There has been rampant speculation about whether McDaniel, who has affiliated himself with the Tea Party wing of the Republican Party, would wage a campaign in 2018 against Mississippi’s other United States Senate – Tupelo’s Roger Wicker.
McDaniel has sounded like a candidate for higher office on the internet and on social media.
“Although I have not made a decision, I am looking at two races very carefully – U.S. senator and lieutenant governor,” McDaniel, a third term state senator from Ellisville in Jones County, said in an e-mailed response.
In the 2019 state elections the office of lieutenant governor will be vacant. Incumbent Tate Reeves is prohibited from seeking a third consecutive term and is expected to run for governor.
The state race for lieutenant governor is possible, but McDaniel seems in his environment when talking national issues that would be the purview of a U.S. senator.
But should he run against Wicker, he will not have the advantage of being an unknown and lightly regraded candidate as he was against Cochran who was unaccustomed to challenging campaigns. In Cochran’s five re-election efforts, starting in 1984, he never garnered less than 60 percent of the vote until his contest against McDaniel.
Wicker, no doubt, will be prepared to run an aggressive, well prepared campaign and well financed campaign.
Wicker will be seeking his second full-term in the United States Senate after being appointed in December 2007 by then-Gov. Haley Barbour to fill the unexpired term of Trent Lott, who resigned unexpectedly. He handily won election to his first full-term in 2012.
Wicker will go into the 2018 campaign as a member of the Senate leadership team of Majority Leader Mitch McConnell. He received national acclaim in political circles as chair of the National Republican Senatorial Committee where under his watch in 2016 Republicans were able to hold their majority in the Senate against what was considered tough odds.
From almost the day he arrived in Washington, D.C., Wicker, a former state senator himself, has been part of leadership. He was president of the historic 1994 U.S. House freshmen class that gave the Republicans the majority for the first time since 1952.
Wicker will undoubtedly have the backing of mainstream national Republicans. And recent polls give Wicker a comfortable margin in a hypothetical matchup against McDanie among likely Republican primary voters..

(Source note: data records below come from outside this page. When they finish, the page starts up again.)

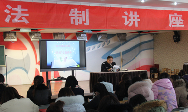 市幼儿园开展法制专题讲座 来源:泰州市幼儿园 作者:李倩 秦丽梅 发布时间:2017-12-26 浏览次数: 次 【字体:小 大】 12月25日,市幼儿园开展了法制教育专题培训,片区民警陆任贤为全园教职工上了一堂简单明了、通俗易懂的法制课。陆警官用平实的语言讲解了校园安全知识,他结合在校园里发生的恶性安全事件,指导教师积极应对幼儿意外伤害事故,运用法律武器进行自我保护。 分享到: 【打印正文】 相关内容
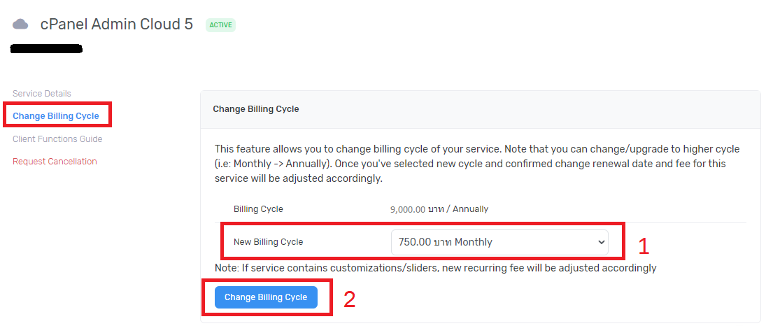 New Billing Cycle หมายถึง ส่วนปรับเปลี่ยนรอบบิล โดยสามารถคลิกเลือกได้ที่ลูกศร เมื่อเลือกแล้ว คลิก Change Billing Cycle (หมายเลข 2 ในภาพประกอบ) เพื่อยืนยัน
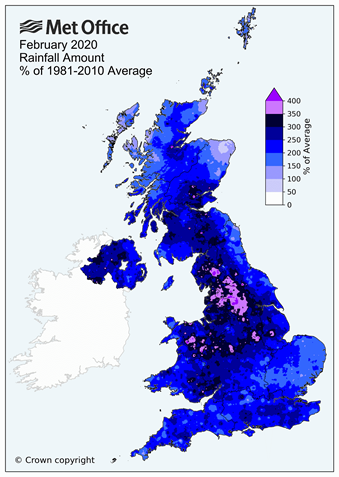 (Pictured right) February 2020 rainfall total as % of long-term average. (Source: Met Office)
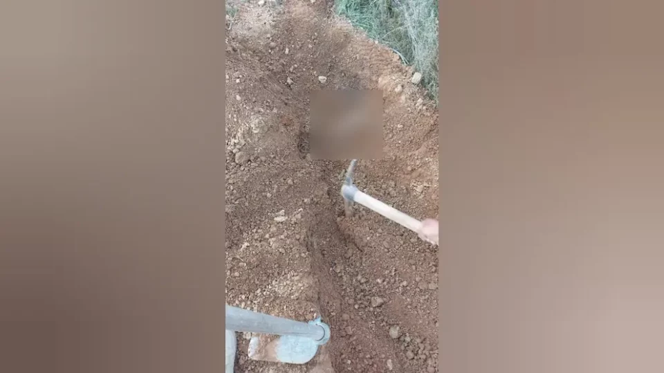 Según el testimonio de un vecino, el descubrimiento se produjo debido a los fuertes olores fétidos y la presencia inusual de moscas en el área. Al remover la tierra, liberaron parte del cuerpo.

“For those around here, Roger Wicker is strong,” said state Rep. Jody Steverson, R-Ripley. “…Chris McDaniel would be a strong candidate, and I like Chis as much as a member of the (Mississippi) House can like someone from the Senate.’
“I just don’t see anybody” beating Wicker.
But McDaniel said that the two candidates who won the most votes in the 2016 presidential primary in Mississippi were Donald Trump and Texas Sen. Ted Cruz.
“That is my base, the people with whom I identify and the people with whom I have the most in common,” McDaniel said. McDaniel believes he can score points against Wicker as he did against Cochran by portraying him as not conservative enough and part of the Washington, D.C., establishment.
But Wicker’s campaign manager Justin Brasell said, “Sen. Wicker is prepared for a competitive race next year. We are organizing volunteers in all 82 counties across the state in order to run a very effective grassroots campaign.
Mississippi conservatives are standing solidly behind Sen. Wicker. He has been a staunch supporter of President Trump and the president’s agenda…,” Brasell said. “And he is championing many conservative priorities in the U.S. Senate.”
While McDaniel is sounding like a candidate, many question whether he will take on the formidable Wicker.
“I will need to feel at peace about that decision,” he admitted. “That encompasses talking with my family, talking with my friends and talking with my law partners to make sure I am doing the right thing.”